(DATA SHOWN Opens)
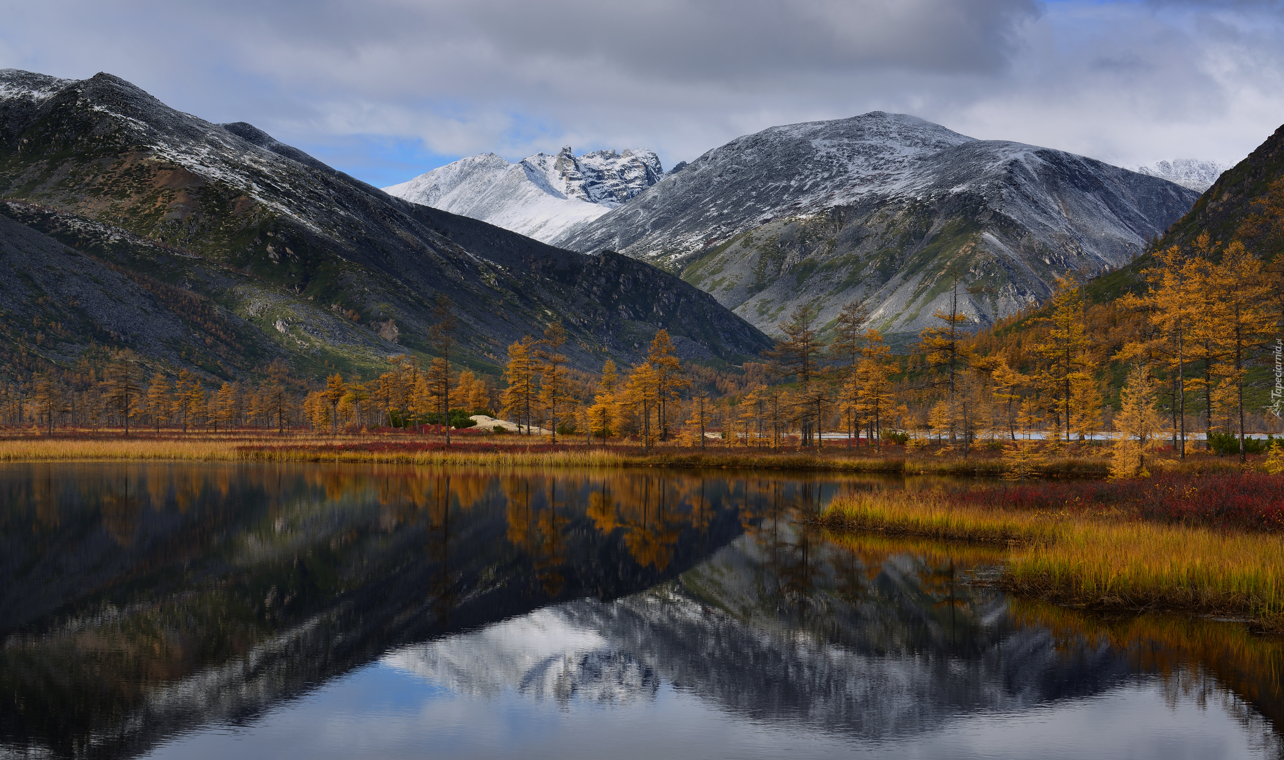 Edytor tapety: Jesienne drzewa nad jeziorem Jack London na Kołymie
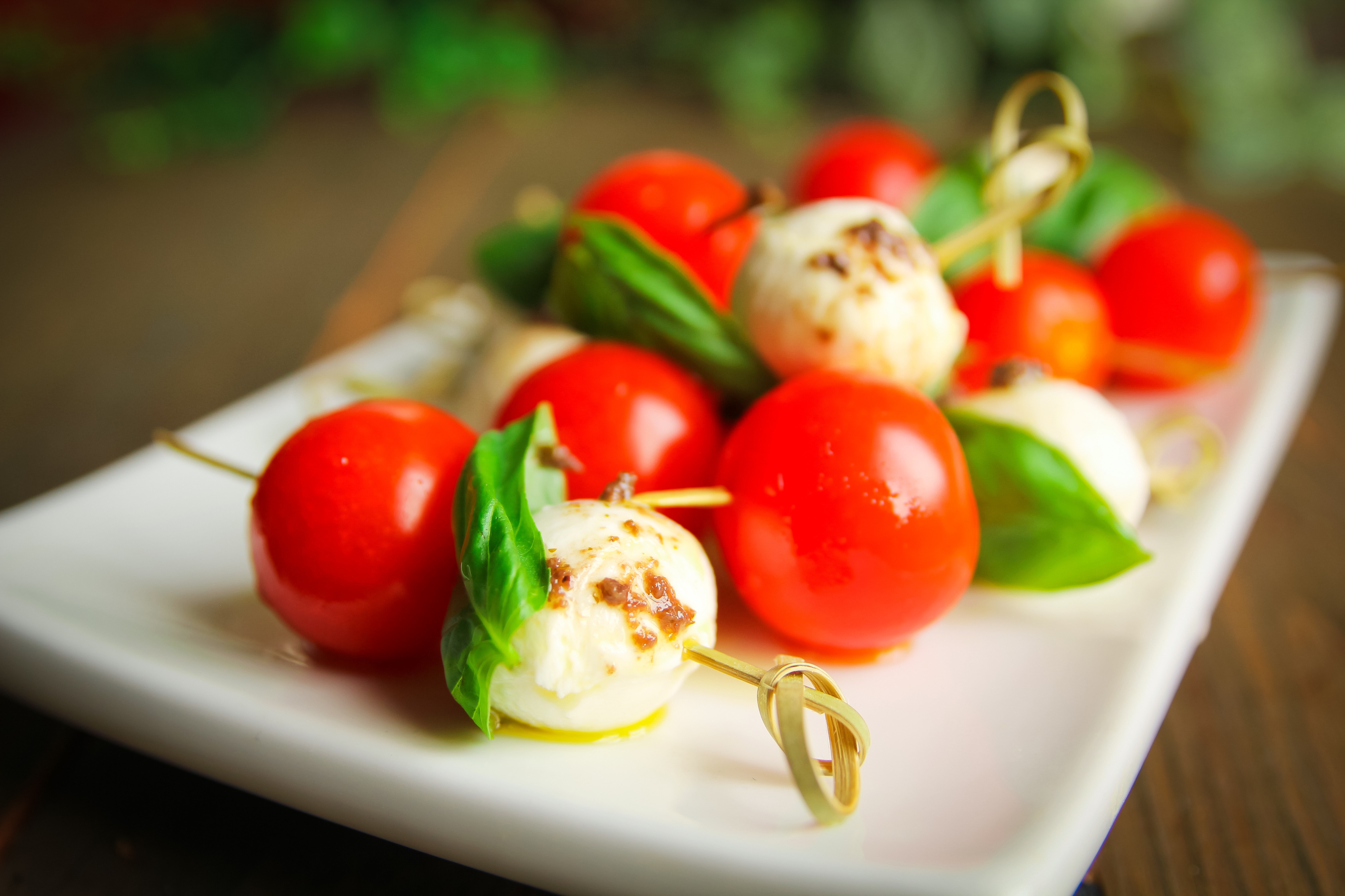 Канапе Мини-моцарелла — универсальная овощная закуска для фуршетного стола в Москве.
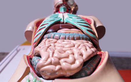 Medical mannequin. Close-up of abdominal organs created from plastic and simulating the human body. The concept of training medical personnel, doctors and students.
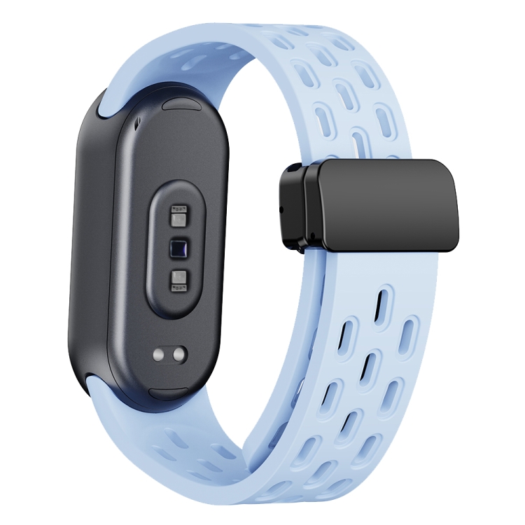Correa de silicona con hebilla plegable magnética para Xiaomi Smart Band 9 (azul claro)
(DATA SHOWN Closes)
PROBLEM
The job is to return the listing above exactly, minus its pictures.

YOUR RESPONSE
 Edytor tapety: Jesienne drzewa nad jeziorem Jack London na Kołymie
 Канапе Мини-моцарелла — универсальная овощная закуска для фуршетного стола в Москве.
 Medical mannequin. Close-up of abdominal organs created from plastic and simulating the human body. The concept of training medical personnel, doctors and students.
Correa de silicona con hebilla plegable magnética para Xiaomi Smart Band 9 (azul claro)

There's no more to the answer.